The Swiss holding company was a particular target of the OECD's 'unfair tax competition' initiative, and in 2004 an agreement was reached between Switzerland and the OECD whereby information about holding companies would be shared by Switzerland in circumstances where there was prima facie evidence of fraud.

For federal tax purposes a company is defined as a holding company if it holds either a minimum of 20% of the share capital of another corporate entity or if the value of its shareholding in the other corporate entity has a market value of at least 2 million Swiss Francs (known as a "participating shareholding"). The reduction in the level of corporate income payable tax depends on the ratio of earnings from "participating shareholding" to total profit generated.

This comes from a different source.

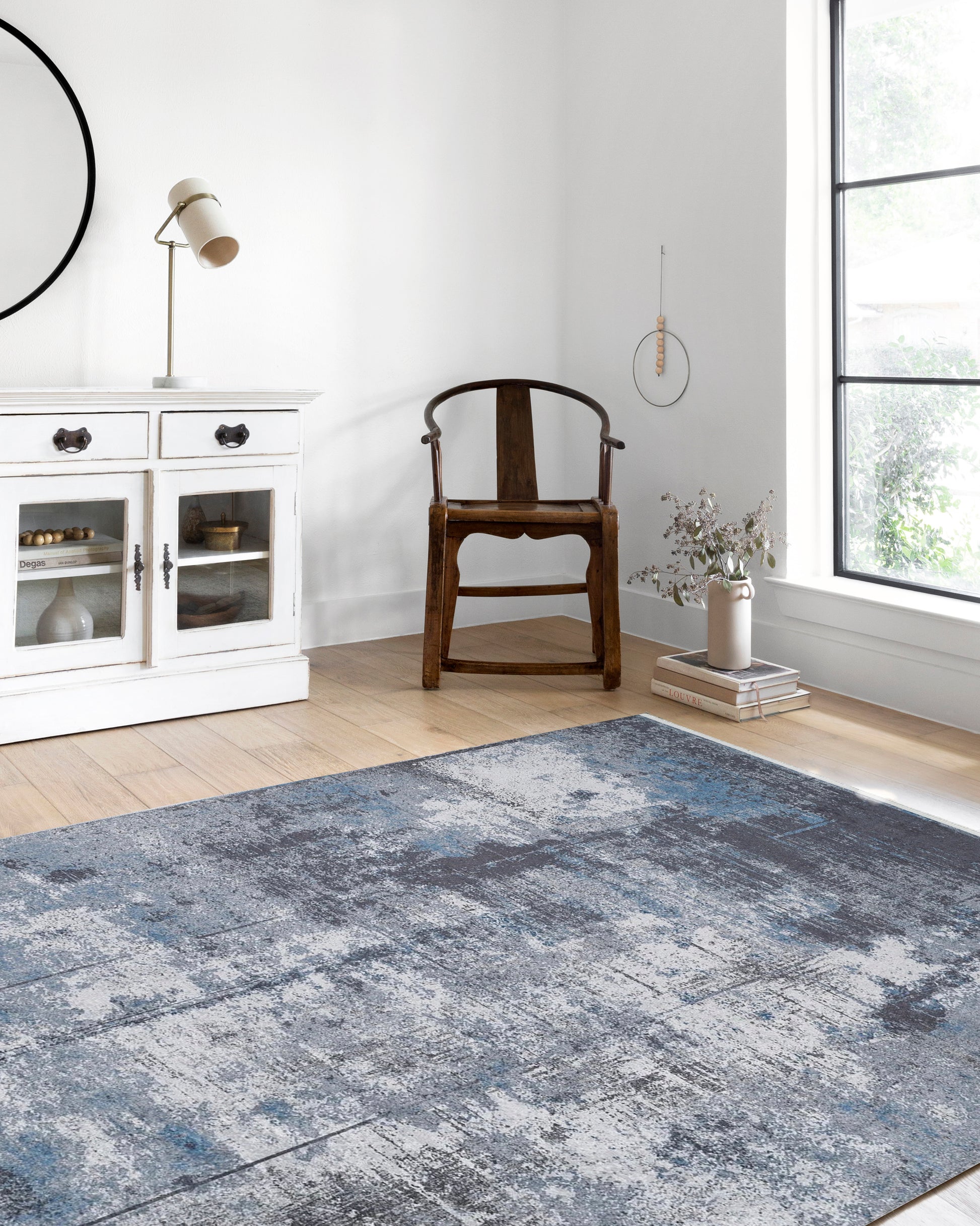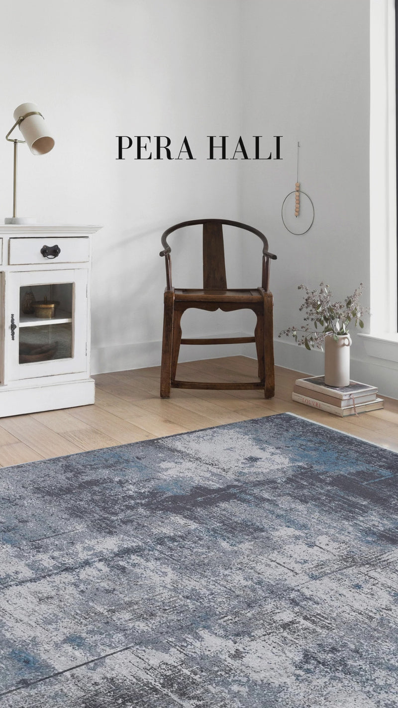 Modern ev dekorasyonuna uyum sağlayan, pratik kullanımlı ve şık halılarımızla tanışın! Bu dijital baskılı, yıkanabilir halı; antrasit, gri ve canlı mavi tonlarının çarpıcı geçişleriyle soyut ve dinamik bir eskitme deseni sunar. Yaşam alanınıza modern sanat eseri havası katar. Kolay temizlenebilir yapısıyla çocuklu ve evcil hayvanlı evler için idealdir. Evinizin havasını anında değiştirin!

Although the definition of a holding company varies among cantons, broadly speaking a corporate entity is a holding company for cantonal corporate income tax purposes so long as it either:

§        derives 51%-66% of its income from dividends remitted by the subsidiary; or

§         holds 51%-66% of the subsidiary's shares.


Swiss Domiciliary Company

Domiciliary Companies are Stock Corporations that are both foreign-controlled and managed from abroad, have a registered office in Switzerland (i.e. at a lawyer's premises) but have neither a physical presence nor staff in Switzerland. They must carry out most if not all of their business abroad and receive only foreign source income. The use of domiciliary companies can result in savings in corporate income tax levied on income and capital gains and net worth tax.


Swiss Auxiliary Company

An Auxiliary Company is essentially a Domiciliary Company which in addition may carry out a certain proportion of its business in Switzerland. Auxiliary Companies are possible in only seven cantons, and do not benefit at federal level. Treatment varies according to canton, but in most cases an auxiliary company may have Swiss offices and staff and be in receipt of Swiss income (which is taxed at normal rates). Most income though must be from a foreign source.


Swiss Service Company

Service Companies are Stock Corporations whose sole activity is the provision of technical, management, marketing, publicity, financial and administrative assistance to foreign companies which are part of a group of which the service company is a member. Service companies may not in general derive income from third parties (i.e. companies outside their corporate group). Service company status is obtained by way of an advance cantonal tax ruling (there is no benefit at federal level).


Swiss Mixed Company

Mixed Companies are Stock Corporations which have the characteristics of both domiciliary companies and holding companies but which do not qualify as either. There is no benefit at federal level, but at cantonal and municipal level there are corporate income tax benefits if the mixed company meets the following conditions:

§         the company is foreign controlled;

§        a minimum of 80% of its total income comes from foreign sources;

§        the company has close relationships to foreign entities.


Swiss Branch

Branch offices, whether of foreign companies, or of Swiss companies in other cantons, must be registered in the Commercial Registry of the canton in which they are located. The branch must have a nominated, Swiss-resident representative.

Branches need not publish their annual financial statements, but branches of foreign corporations constitute 'permanent establishments' from a tax point of view, and will therefore be taxed on local source income both at federal and at cantonal level as if they were resident corporations.

There is no withholding tax on transfers of branch profits to its foreign parent.